▶ [How to complete this task]: An exact copy of the entries is needed, with every picture left out.

▶ [Records]:
-*-
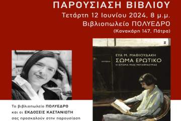 Παρουσίαση βιβλίου της Εύας Μαθιουδάκη “Σώμα ερωτικό, η ιστορία μιας μεταφράστριας” στο Πολύεδρο Patrinorama Magazine·8 Ιουνίου, 2024Παρουσιάζεται στον κήπο του Πολύεδρου, την Τετάρτη 12 Ιουνίου, στις 8 το βράδυ το βιβλίο «Σώμα ερωτικό, η...Δυτική ΕλλάδαΠαρουσιάσειςΠολιτισμός
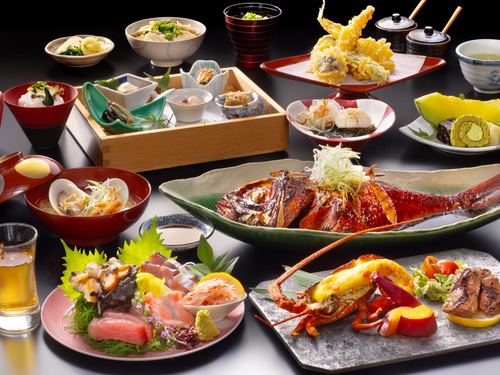 お食事は、伊豆の新鮮な魚介類を贅沢に使ったフレンチ懐石、和懐石、鉄板焼きをご堪能ください。
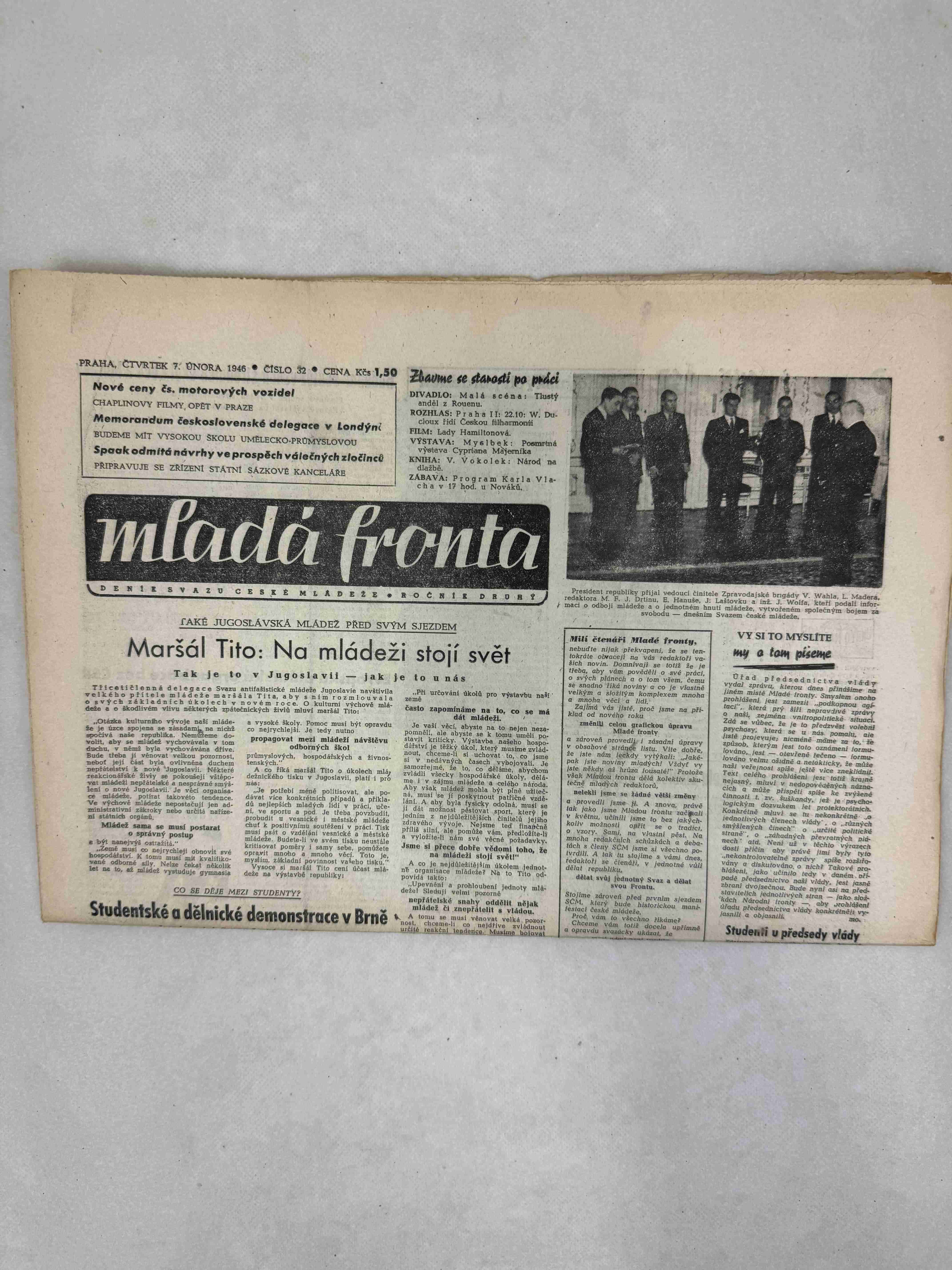 Originální dobový výtisk novin, nejedná se o reprodukci!
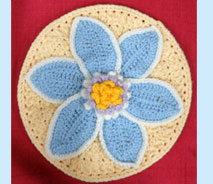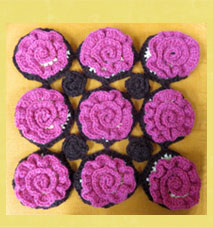 でこちゃん かぎ針編み花ざぶとん「いつまでも一緒」 編んで図案どおりに編みつけるのが大変で時間がかかったでしょうね。とても綺麗に編まれて素敵です。 |
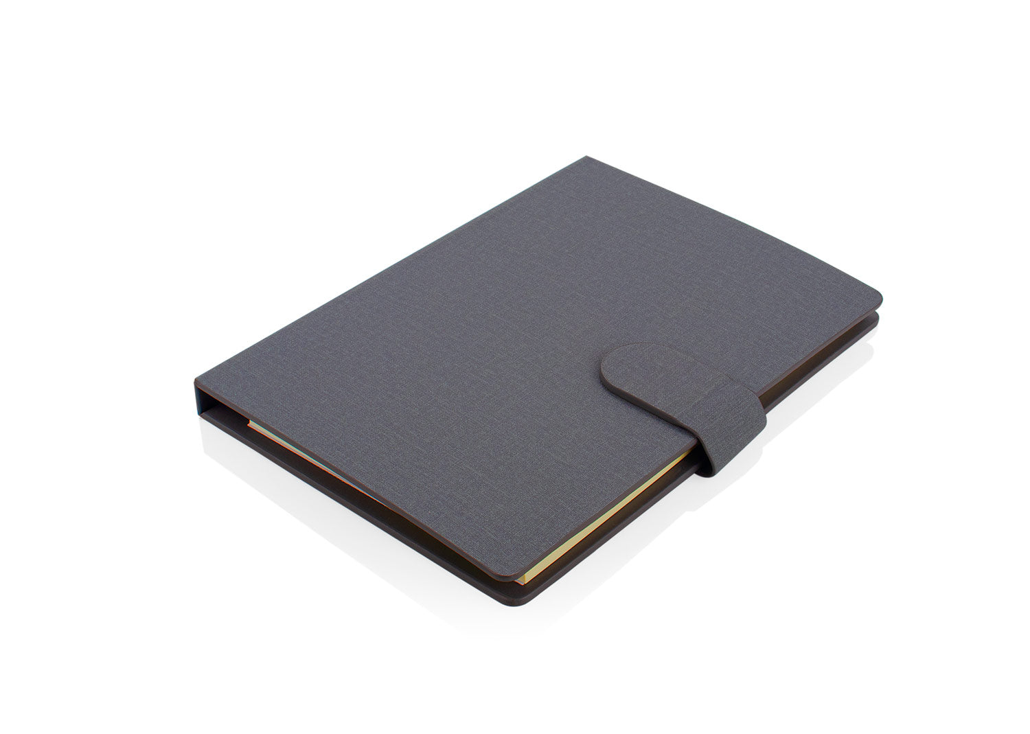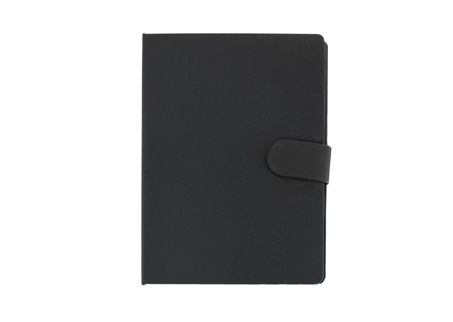 Funda de piel sintética con cierre magnético. Tamaño A5, 70 g, 80 hojas, con pegatinas de colores en el interior.
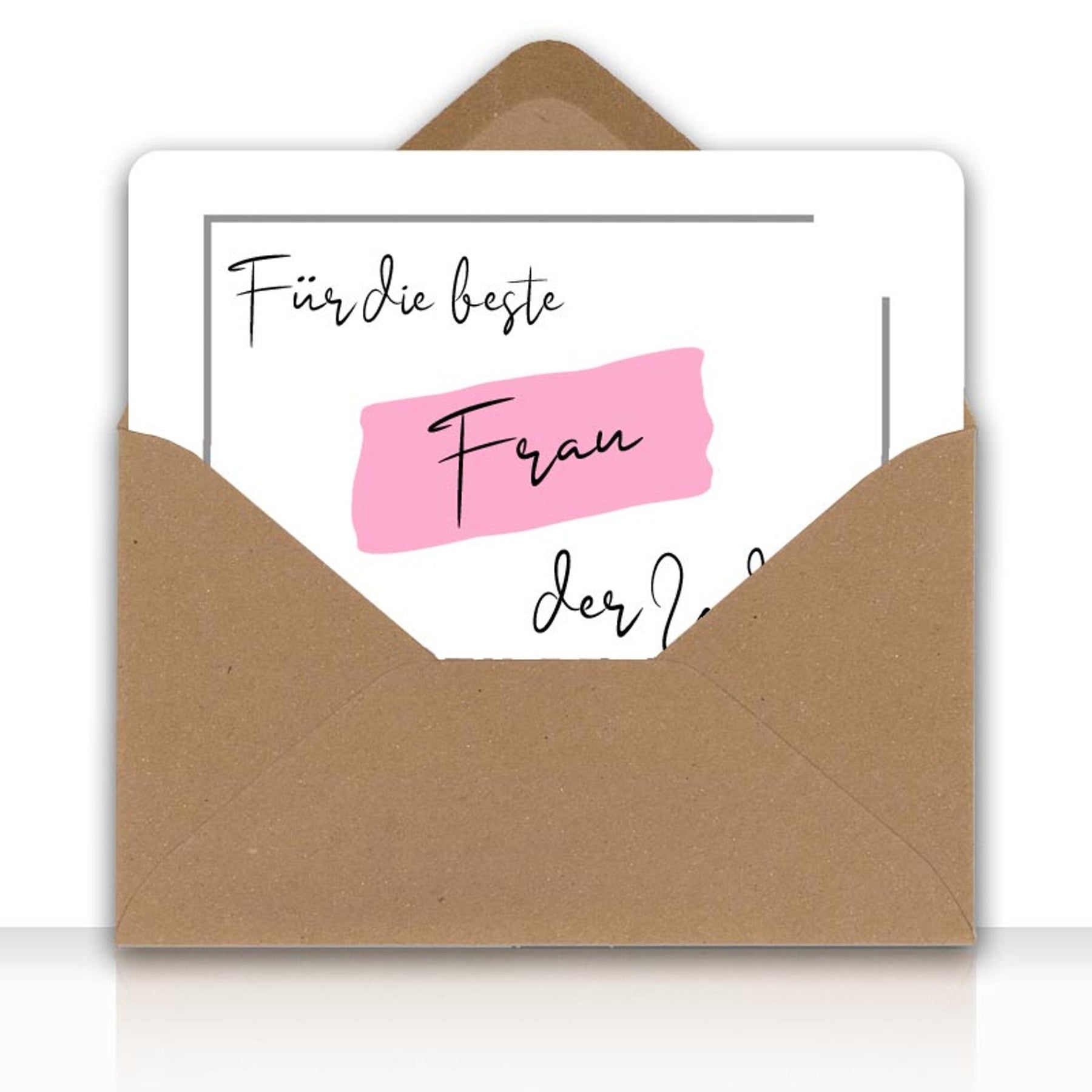 Grusskarte Message Liebe FÜR DIE BESTE FRAU DER WELT mit Kraftpapier DIN C6 Umschlag - all - yours24
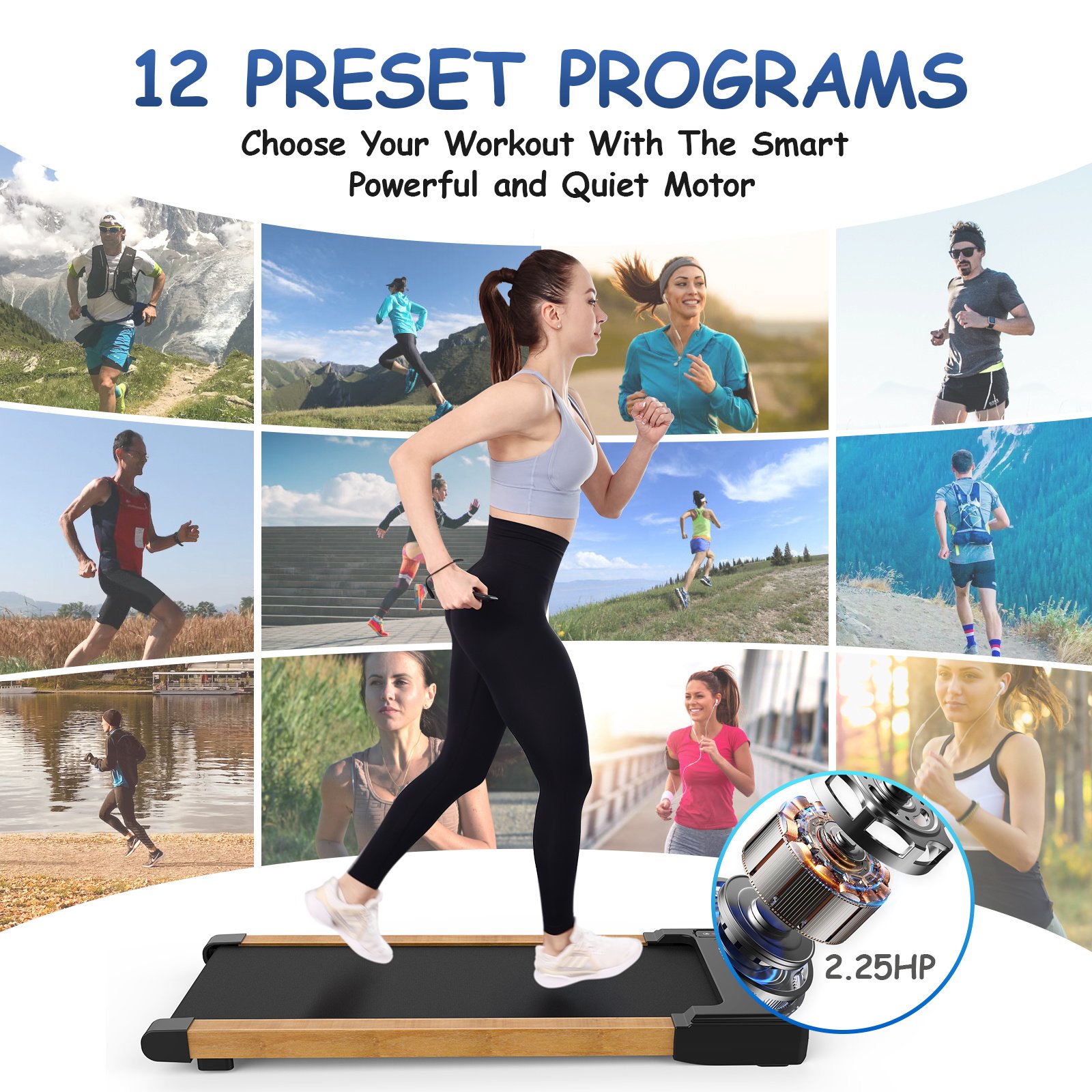 5.12 Preset Programs & Bluetooth Speaker:To increase the fun of working out at home, we have preset 12 programs for this under desk treadmill. We also designed a bluetooth speaker, you can enjoy your favorite music during the exercise.
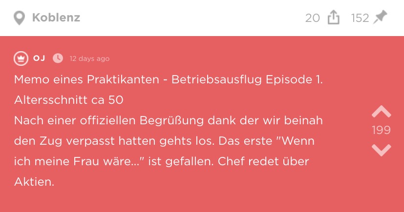 Das Dasein als Praktikant in einem Unternehmen ist eine harte Angelegenheit: Während sich auf dem Schreibtisch die Aufgaben stapeln, weil die Kollegen keine Lust haben sie selbst zu erledigen, muss man ihnen auch noch Kaffee kochen und zusehen, dass man bloß nicht negativ auffällt. Natürlich möchte man auch seine Social Skills unter Beweis stellen und mit seinen Büromitmenschen ins Gespräch kommen. Was eignet sich da besser als ein Betriebsausflug? Ein 21-jähriger Praktikant aus Koblenz hätte wohl lieber darauf verzichtet. Er lernte bei einem Offside-Event seine Kollegen so richtig kennen und teilte die Highlights des Tages auf Jodel. So viel können wir verraten: Es wird peinlich. Richtig peinlich. Alkohol sei Dank!
-*-
▶ [The completed task]:
 Παρουσίαση βιβλίου της Εύας Μαθιουδάκη “Σώμα ερωτικό, η ιστορία μιας μεταφράστριας” στο Πολύεδρο Patrinorama Magazine·8 Ιουνίου, 2024Παρουσιάζεται στον κήπο του Πολύεδρου, την Τετάρτη 12 Ιουνίου, στις 8 το βράδυ το βιβλίο «Σώμα ερωτικό, η...Δυτική ΕλλάδαΠαρουσιάσειςΠολιτισμός
 お食事は、伊豆の新鮮な魚介類を贅沢に使ったフレンチ懐石、和懐石、鉄板焼きをご堪能ください。
 Originální dobový výtisk novin, nejedná se o reprodukci!
 でこちゃん かぎ針編み花ざぶとん「いつまでも一緒」 編んで図案どおりに編みつけるのが大変で時間がかかったでしょうね。とても綺麗に編まれて素敵です。 |
 Funda de piel sintética con cierre magnético. Tamaño A5, 70 g, 80 hojas, con pegatinas de colores en el interior.
 Grusskarte Message Liebe FÜR DIE BESTE FRAU DER WELT mit Kraftpapier DIN C6 Umschlag - all - yours24
 5.12 Preset Programs & Bluetooth Speaker:To increase the fun of working out at home, we have preset 12 programs for this under desk treadmill. We also designed a bluetooth speaker, you can enjoy your favorite music during the exercise.
 Das Dasein als Praktikant in einem Unternehmen ist eine harte Angelegenheit: Während sich auf dem Schreibtisch die Aufgaben stapeln, weil die Kollegen keine Lust haben sie selbst zu erledigen, muss man ihnen auch noch Kaffee kochen und zusehen, dass man bloß nicht negativ auffällt. Natürlich möchte man auch seine Social Skills unter Beweis stellen und mit seinen Büromitmenschen ins Gespräch kommen. Was eignet sich da besser als ein Betriebsausflug? Ein 21-jähriger Praktikant aus Koblenz hätte wohl lieber darauf verzichtet. Er lernte bei einem Offside-Event seine Kollegen so richtig kennen und teilte die Highlights des Tages auf Jodel. So viel können wir verraten: Es wird peinlich. Richtig peinlich. Alkohol sei Dank!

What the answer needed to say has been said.